A perennial fanboy favorite, True Romance is the fairy-tale flipside to the methy nightmare of Natural Born Killers, Quentin Tarantino’s other criminal-couple-on-the-lam script that would be released the following year. For all its violence and mayhem, Romance is a resolutely sweet movie whose two lovers (Christian Slater and Patricia Arquette) are relative innocents lost in a violent fantasy world fueled by comic books, kung fu movies, and Elvis apparitions. As the stoner couch-potato Floyd, Pitt’s role is minor, but he owns every second he’s on screen. 15 years later, the character would inspire another classic: Judd Apatow and Seth Rogen reportedly conceived Pineapple Express based on Pitt’s performance.

16) World War Z (2013)

Gerry Lane, played by Brad Pitt, gives a concerned look in 'World War Z'
Image via Paramount Pictures

Fairly or not, my interest in World War Z all but evaporated when the initial December 2012 release date was delayed and word got out that the entire third act was being scrapped and reshot, with significant last-minute rewrites by Damon Lindelof.
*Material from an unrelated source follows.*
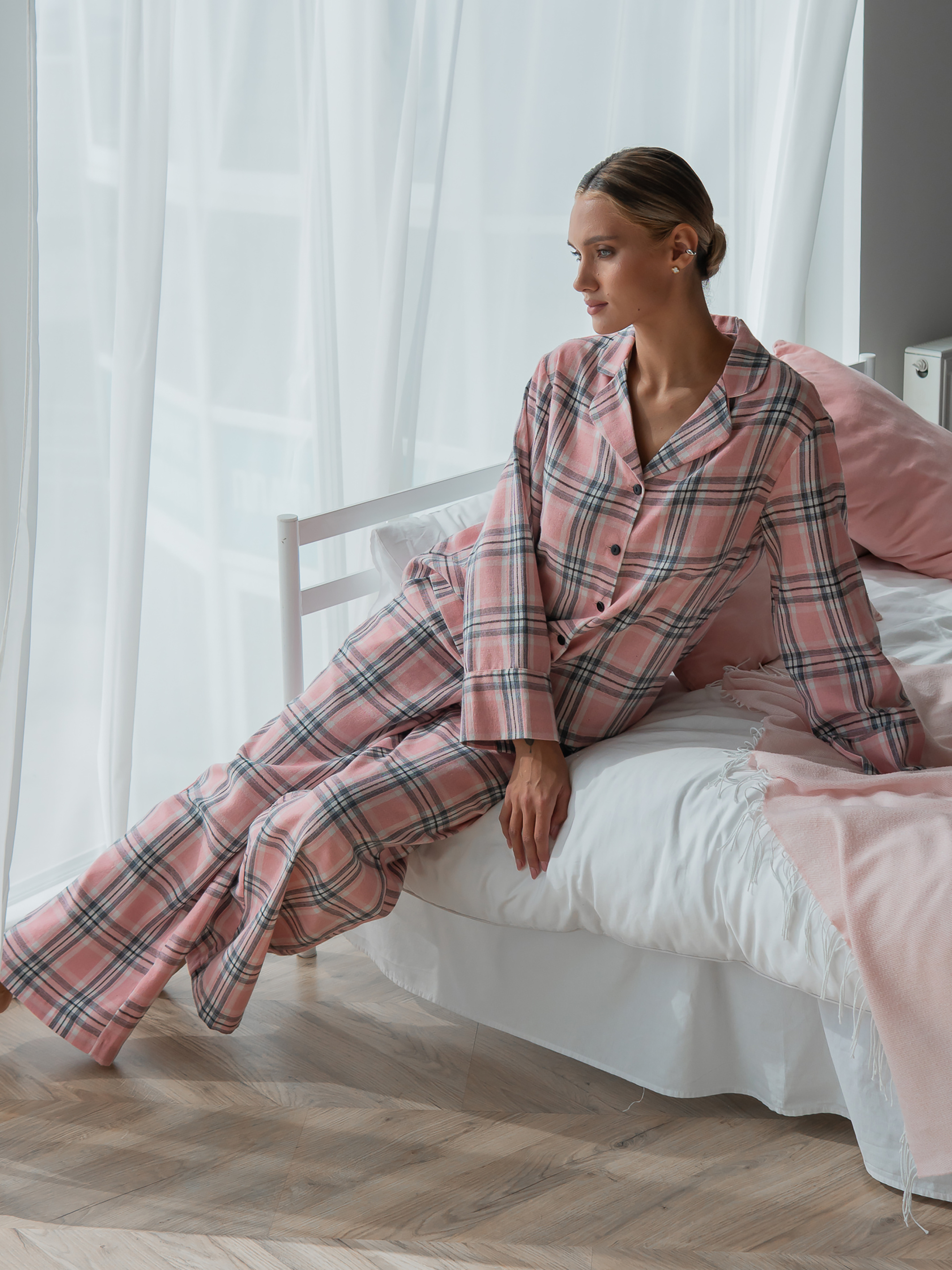 Теплий піжамний костюм з фланелі у рожеву клітку. Комплект складається з сорочки з довгими рукавами і прямих брюк. Сорочка вільного крою з відкладним коміром, на білих ґудзиках, з манжетами на рукавах. Брюки з кишенями по боках, з еластичним поясом на резинці. Завдяки високій якості матеріалу, піжама не дає усадку, практична і дуже проста в догляді. ! Особливість пошиття: закриті м'які шви, які не тільки виглядають акуратно й бездоганно, а й забезпечують комфортний дотик тканини до тіла, не дозволяють виробу деформуватися. Розмір XS/S. Груди: 88 - 112 см. Талія 68 см. Стегна: 86 - 104 см. Розмір M/L. Груди: 112 - 120 см. Талія 74 см. Стегна: 104 - 114 см. Розмір XL/XXL. Груди: 120 - 130 см. Талія 80 см. Стегна: 114 - 124 см. Довжина рукава 62 - 67 см. Довжина брюк 106 см. Параметри моделі на фото: Зріст 175 см Груди 90 см Талія 63 см Стегна 93 см Примітка стосовно догляду: ручне або машинне прання при температурі води до 30°C при мінімальній швидкості віджиму. Виріб не вибілювати. Не сушити у сушильній машині. Сушити на горизонтальній поверхні в розправленому стані в тіні. Прасувати при помірній температурі зі споду. Не використовувати хімчистку.

For me, that was strike three against the movie—the first two were the hiring of director Marc Forster (hacky journeyman responsible for the worst Bond movie) and the goal of a PG-13 rating (how do you make a serious zombie movie without going for a hard R?). For those reasons, I put off watching the movie for years. Stupid me. Against all odds, the whole thing works like gangbusters. It’s not without its flaws: Pitt’s Gerry is far too passive for a traditional franchise-building action hero, the subplot with his wife and child feels obligatory and goes nowhere, and the wide CGI “swarm” shots are distracting. And yet… The movie is a blast. The lack of gore turns out to be a smart move. The reshot third act is nearly seamless. And Pitt, despite being saddled with a severely underwritten character, anchors the movie in reality and sells the human stakes.

15) Mr. & Mrs. Smith (2005)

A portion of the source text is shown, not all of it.